▸ Exercise
Ignoring every picture, transcribe the data in full as it stands.

▸ Material provided
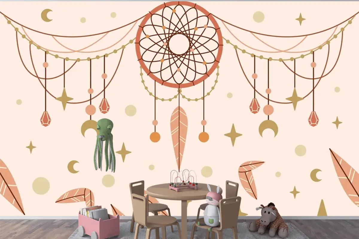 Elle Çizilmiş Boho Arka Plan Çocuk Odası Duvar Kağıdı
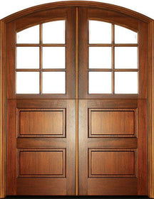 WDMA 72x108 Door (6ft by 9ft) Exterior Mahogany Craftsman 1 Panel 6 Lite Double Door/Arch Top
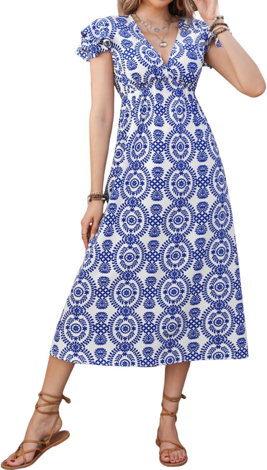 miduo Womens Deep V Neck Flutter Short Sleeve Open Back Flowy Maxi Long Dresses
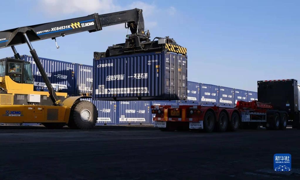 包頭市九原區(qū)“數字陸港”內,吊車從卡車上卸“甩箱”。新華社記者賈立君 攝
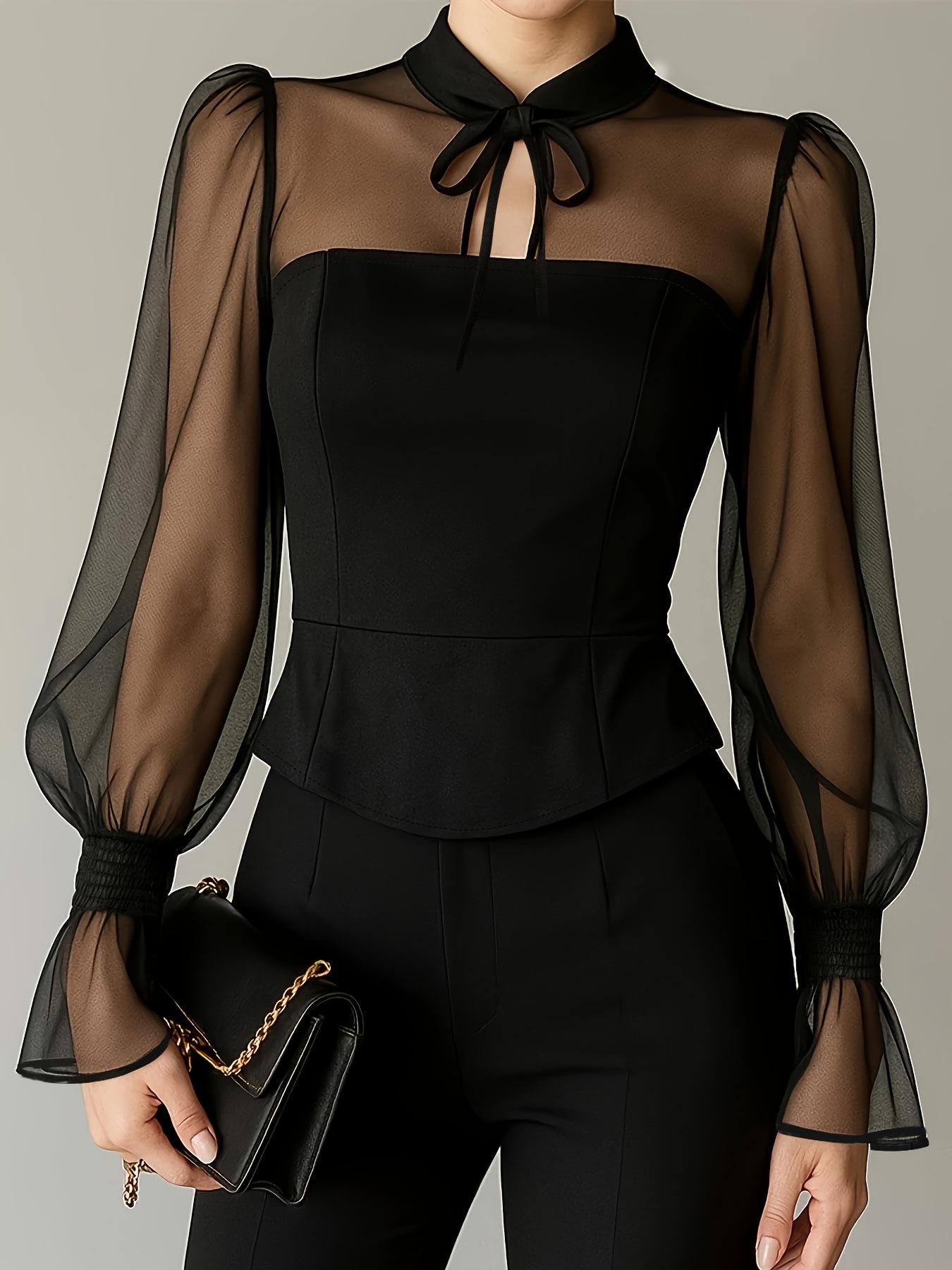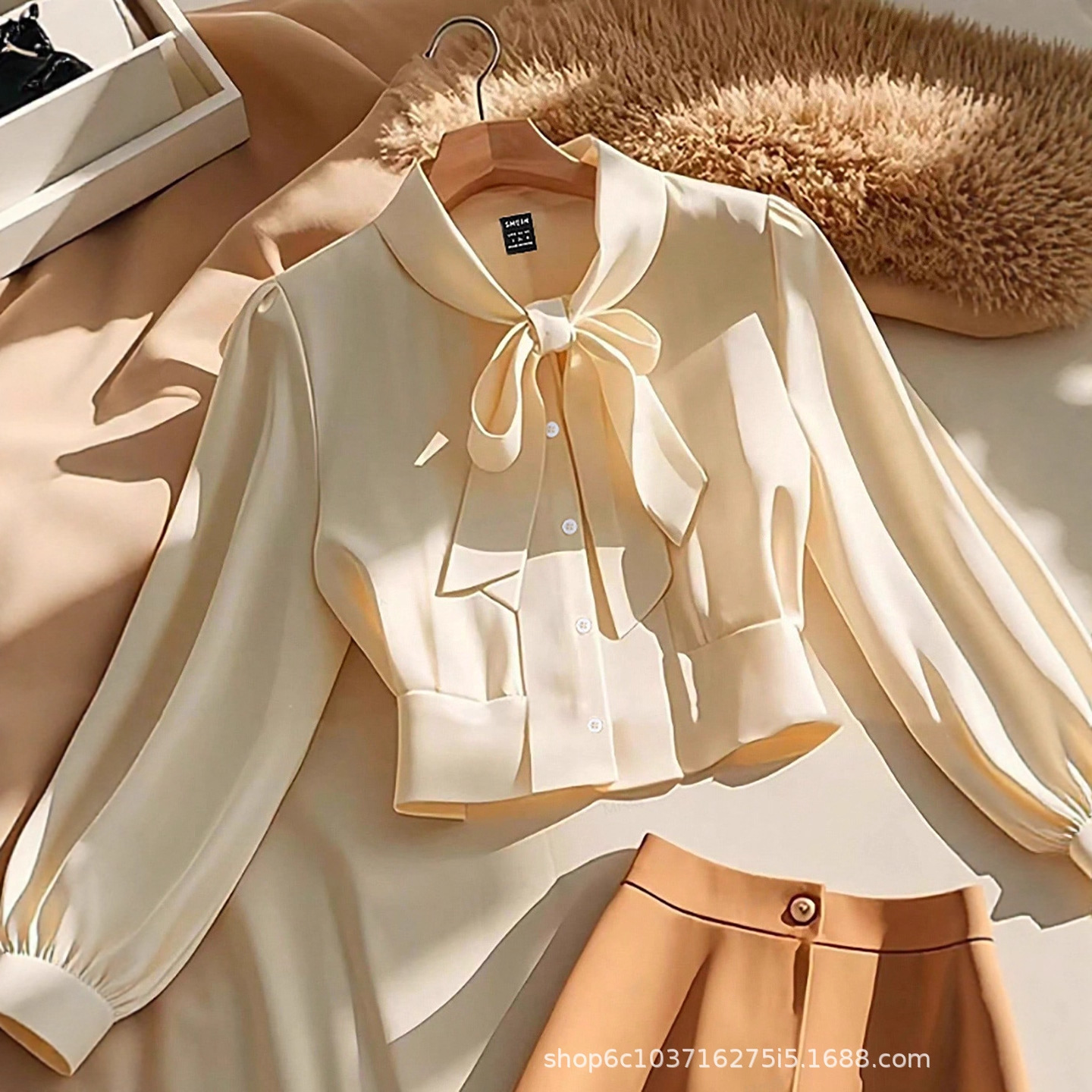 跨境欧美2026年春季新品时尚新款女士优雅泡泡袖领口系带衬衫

▸ Result for this exercise
 Elle Çizilmiş Boho Arka Plan Çocuk Odası Duvar Kağıdı
 WDMA 72x108 Door (6ft by 9ft) Exterior Mahogany Craftsman 1 Panel 6 Lite Double Door/Arch Top
 miduo Womens Deep V Neck Flutter Short Sleeve Open Back Flowy Maxi Long Dresses
 包頭市九原區(qū)“數字陸港”內,吊車從卡車上卸“甩箱”。新華社記者賈立君 攝
 跨境欧美2026年春季新品时尚新款女士优雅泡泡袖领口系带衬衫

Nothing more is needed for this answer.